Sewage wastewater is characterized by the presence of organic matters, pathogens, suspended solids, and nutrients such as phosphorus and nitrogen in its water bodies (Dawood and Li 2013). These nutrients have adverse effects on the water reservoirs as they cause eutrophication, a condition which deteriorates water quality (Renuka et al. 2015). Strict water regulations have been introduced to limit the amount of nutrients present in effluent streams flowing into water resources to prevent the nutrients from polluting them. Recently, Yaser and Safie (2020) suggested several methods for sewage processing for water recycling, e.g., biological treatment, membrane technology and adsorption.
The coagulation-flocculation process is one of the most efficient and simple chemical treatment processes for wastewater (Devi and Dahiya 2008). The mechanism of the process mainly involves aggregation of suspended solid particles into settleable flocs by charge neutralization of colloids, neutralizing the negative charges which had kept the particles apart (Li et al. 2016). Organic polymers, iron and aluminum salts are mostly used to neutralize the colloids to form larger flocs which can be separated from the liquid phase by sedimentation or filtration. The efficiency of the process depends on several factors which include the type, dosage, and basicity of the coagulant (Hu et al. 2006, Nandy et al. 2003, Teh et al. 2014, Wang et al. 2002), pH in the solution (Elmaleh et al. 1996, Miller et al. 2008, Syu et al. 2003), mixing speed and time (Kan et al. 2002, Khan et al. 2014, Li et al. 2016, Yu et al. 2011).

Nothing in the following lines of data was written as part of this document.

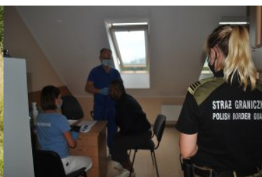
Nielegalni migranci zatrzymani na polsko - białoruskiej granicy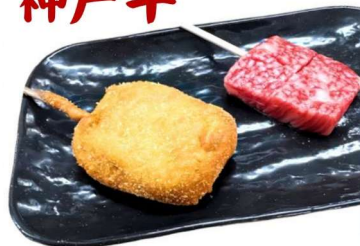
Kobe Beef ¥680 (税込748円)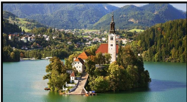
Λίμνη Μπλεντ το "Παραμυθένιο Νησί" και το εκπληκτικό κάστρο του Μπλεντ με τη μαγευτική θέα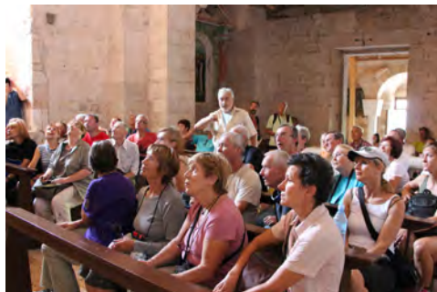
Slika 4 – V cerkvi iz 12. stoletja, predelani v času romanike, smo izvedeli veliko o umetnostnih slogih, simbolih, verah, grščini, zgodovini in benediktincih, ki so prvi naselili otoček.

Morsko pot med Praprotnim na Pelješcu in Sobro na Mljetu smo prepluli v dobre pol ure. Izkrkali smo se na osmem največjem hrvaškem otoku, oziroma največjem v dubrovniškem arhipelagu. Dolg je le 37 kilometrov, širok pa največ tri. Kljub majhnosti otoka smo se do Pomene ali OPomene, kot kraj radi imenujejo domačini, vozili debelo uro. Cesta je precej ozka, z mnogimi vzponi in spusti, z nešteto ovinki in najrazličnejšimi ovirami, mimo katerih se je avtobus prebijal le z veliko spretnostjo voznika. Omejitve hitrosti na 20 km/h niso bile redke, najbolj adrenalinska pa je bila cesta skozi Polače. Skozi stolp nekdanje trdnjave je speljana asfaltirana cesta, vrata pa so le nekaj centimetrov širša od avtobusa. Sicer pa leži kraj v lepem zalivu in ob turkizno zelenem morju. Menda je to eden najvarnejših zalivov za plovila v Jadranu. Ko se je cesta končala, smo se ustavili pred hotelom Odisej, edinim na tem otoku. Sončno popoldne smo izkoristili za kopanje v precej toplem in zapeljivo čistem morju.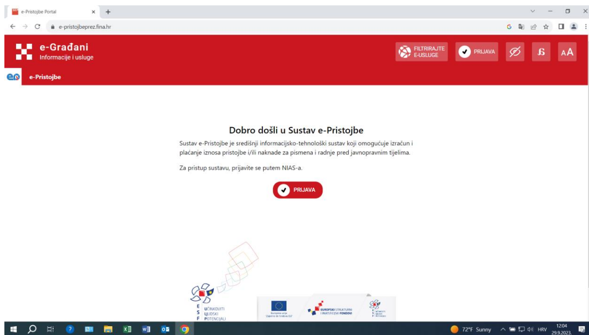
Slika 2. Sustav e-Pristojbe

Na slici 2. je prikazan početni zaslon aplikacije e-Pristojbe.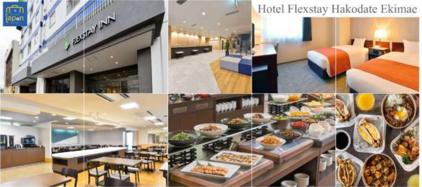
Hotel Flexstay Hakodate Ekimae

FLEX STAY INN HAKODATE EKIMAE หรือเทียบเท่าระดับเดียวกัน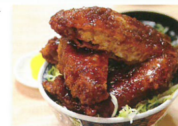
会津のソースカツ丼

A4. 福島県や他県職員とともに福島復興支援に携ったことと皆さんに出会えたことに絆を感じます。これからも忙しい日々が続くと思いますので、くれぐれもお体をご自愛ください。愛媛県福耕支援隊は出来る限り応援します。「福島県を一人ぼっちにはしません！」

The coagulation-flocculation process is a well-researched process which has been utilized for years. However, it has a unique solution for every type of wastewater treated since the characteristics of wastewater varies from point to point and is the determinant for the type of chemical reagents to be used for the process.
This study focuses on the development of a water treatment program for sewage wastewater and the optimization of the coagulant and flocculant dosages to increase efficiency. Response surface methodology (RSM) was utilized to develop the experiment, minimize the number of experiments, determine the relationship between multi-variables and optimize the program based on the multi-variables responses, percentage removal of turbidity and total dissolved solids (TDS) from the water. Response surface methodology (RSM) is an efficient models-building mathematical statistics method used to evaluate the effects of multiple variables and determine the optimal conditions to give desirable responses (Bezerra et al. 2008, Witek-Krowiak et al. 2014).
Experimental
Sample collection
The sewage wastewater samples were collected from a sewer network at Matla Power Station in South Africa. The water samples were characterized by the following parameters in both the pre- and post-treatment: pH, turbidity and dissolved solids. Table 1 summarizes the characteristics of the sewage wastewater sample used for the study.
Chemical reagents
Seven different types of coagulants were obtained from NCP CHLORCHEM Pty (Kempton Park, South Africa). The utilized coagulants, U3500 and U3750 are part of the U3000 series of aluminum chlorohydrate coagulants manufactured by the company. The other coagulants, U6000, U6050 and U6750 used for the experiment are part of the U6000 series of cationic polymer chlorohydrate coagulants. Ferric chloride and aluminum sulfate (Alum) are the other coagulants which were used. Floc858 and Floc887 are the chemical reagents which were utilized to aid flocculation after coagulation. All the coagulants were supplied in liquid form while the flocculants were supplied in powder form.
Reagent stock solutions
The different coagulant stock solutions were prepared by mixing 1 mL of each coagulant in 1000 mL of distilled water to form 1000 ppm stock solutions. The stock solutions of the flocculants were prepared by dissolving 1 g of each flocculant in 1000 mL of distilled water to also produce 1000 ppm solutions.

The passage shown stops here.